Astronomer and physicist from United Kingdom

Richard Quintin Twiss (24 August 1920 – 20 May 2005) was a British astronomer. He is known for his work on the Hanbury Brown and Twiss effect with Robert Hanbury Brown. It led to the development of the Hanbury Brown-Twiss intensity interferometer in the UK in 1954. Their work appeared to contradict the established beliefs about quantum interference, and he and Brown received the Eddington Medal of the Royal Astronomical Society for it in 1968.

==Life==
Richard Twiss was born in Simla in India but was educated in England. He read mathematics at Cambridge, completing the Mathematical Tripos with distinction, but his early contributions were to the theory of radar and basic electronics. His work in this area was
included in the famous "five foot shelf"—a series of reference books in electronic engineering compiled at MIT that was the circuit designer's bible in the 1950s. He was awarded a Doctor of Science degree by MIT in 1949.

Twiss went on to help construct the Narrabri Stellar Intensity Interferometer. Observations with the interferometer began in 1965. Measurements made between 1965 and 1974 were used to establish the temperature scale for stars hotter than the Sun and this scale is still in use.

The intensity interferometer has a very poor signal-to-noise ratio compared to the classical "Michelson" stellar interferometer. Twiss decided to pursue the Michelson alternative at the National Physical Laboratory at Teddington in the UK. John Davis worked with him for a short while on this project.

When the Royal Observatory, Edinburgh established its outstation at Monte Porzio Catone just south of Rome, Twiss decided to move his Michelson interferometer there. Not only was the weather more conducive to astronomy, the food and wine were much superior to what was available in Teddington!

Speckle interferometry was discovered during that period by Antoine Labeyrie. This stimulated a renewed interest around the world in interferometry. In particular, John Davis and Hanbury Brown became convinced that a Michelson interferometer would be cheaper to build and have superior performance to a new intensity interferometer.

In the mid-1970s Twiss's non-scientific interests gradually took over and he effectively retired from active involvement in science.

In the 1970s he made it clear that he regarded Australia as a colonial backwater. His reaction when told that William J. Tango was going to join Davis and Brown in Sydney was typical. "But William," he said, "they eat peas out of tins!"

In spite of that, a few years before his death Twiss visited Australia and fell in love with it. In 2004 he applied for permanent residence. He died on 20 May 2005.

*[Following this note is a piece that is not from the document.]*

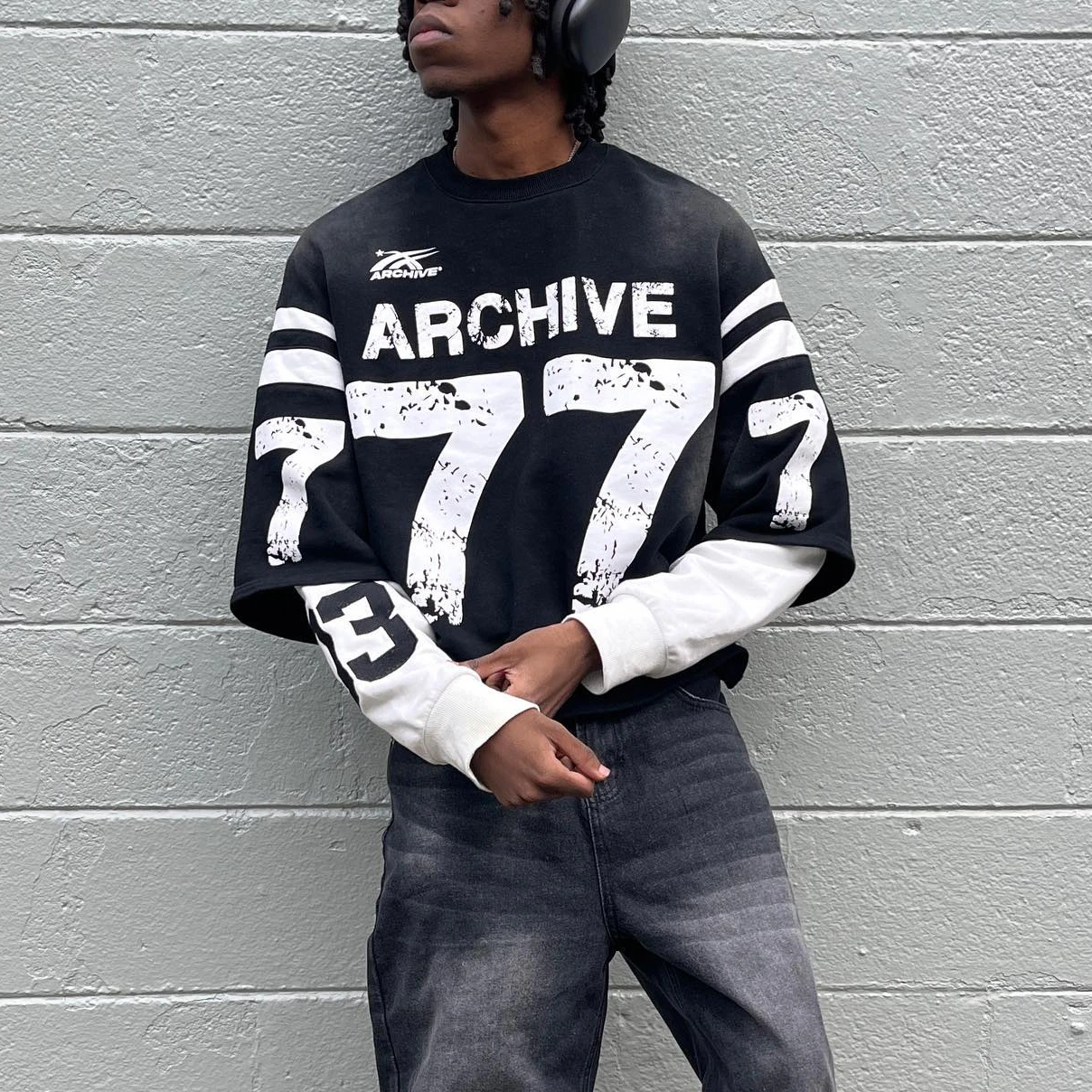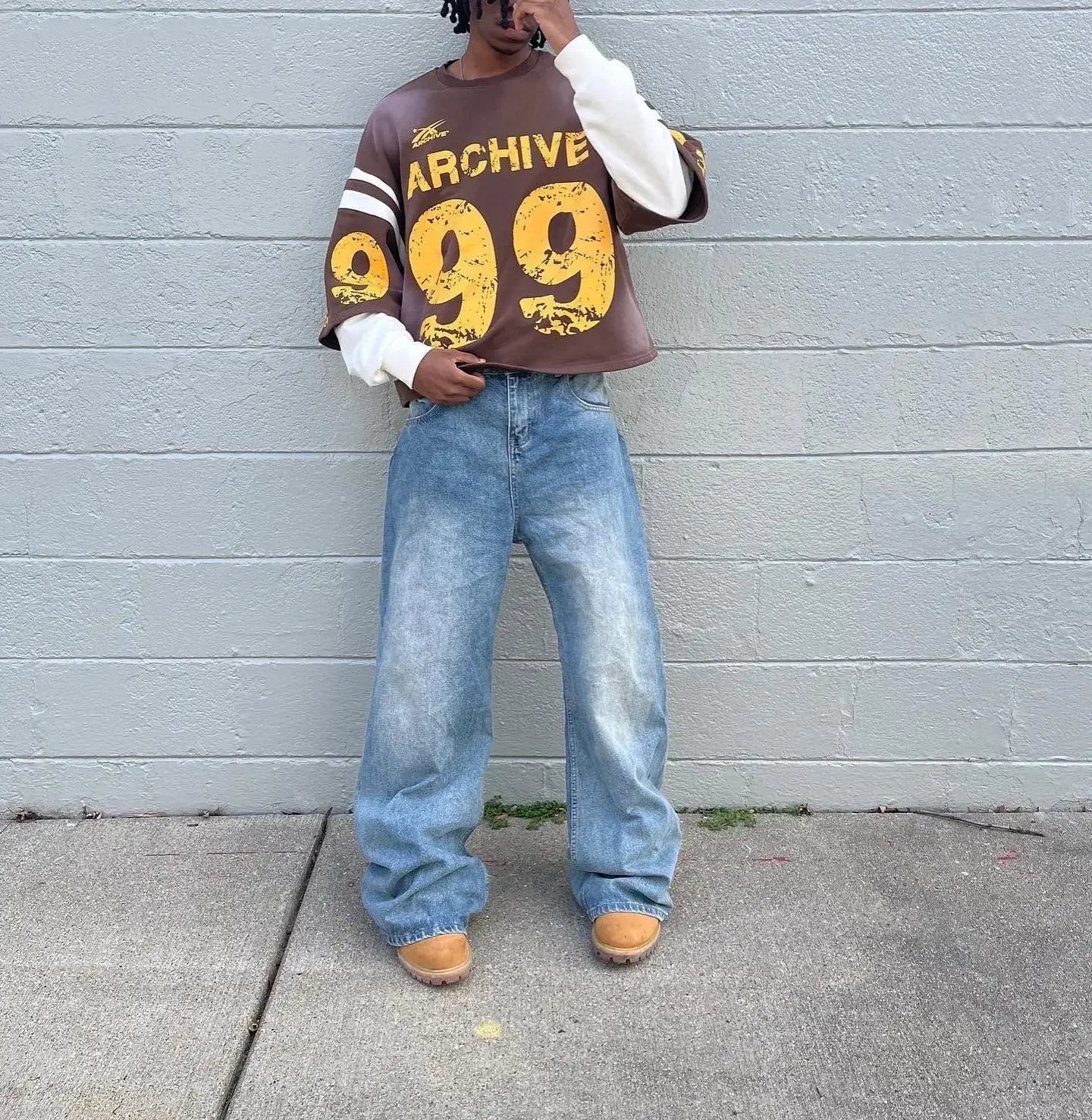 DERMEARNE Y2K Men Women Retro Harajuku Punk Casual Splicing Sweatshirt New Fashion Street Design Fake Two Piece Hip Hop Loose Long Sleeves
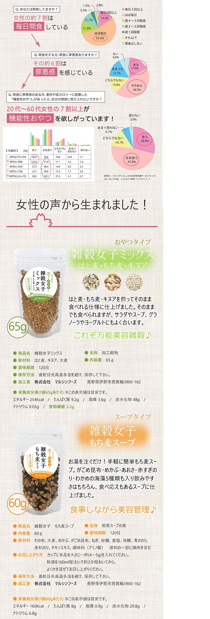 - 雑穀女子ミックス65g、雑穀女子もち麦スープ60g

He is mentioned in the book "Boffin : A Personal Story of the Early Days of Radar, Radio Astronomy and Quantum Optics" ISBN 0-7503-0130-9, by Hanbury Brown

He was awarded the Albert A. Michelson Medal of the Franklin Institute in 1982, jointly with Robert Hanbury Brown.

== Twiss Parameters ==

In accelerator physics, a method of describing the properties of a beam has become known as Twiss Parameters. While this is a reference to Richard Twiss, it is unclear (including to Twiss himself) how his name became associated with the formulation, as the parameters were developed by Ernest Courant and Hartland Snyder, and are more accurately referred to as the Courant–Snyder parameters.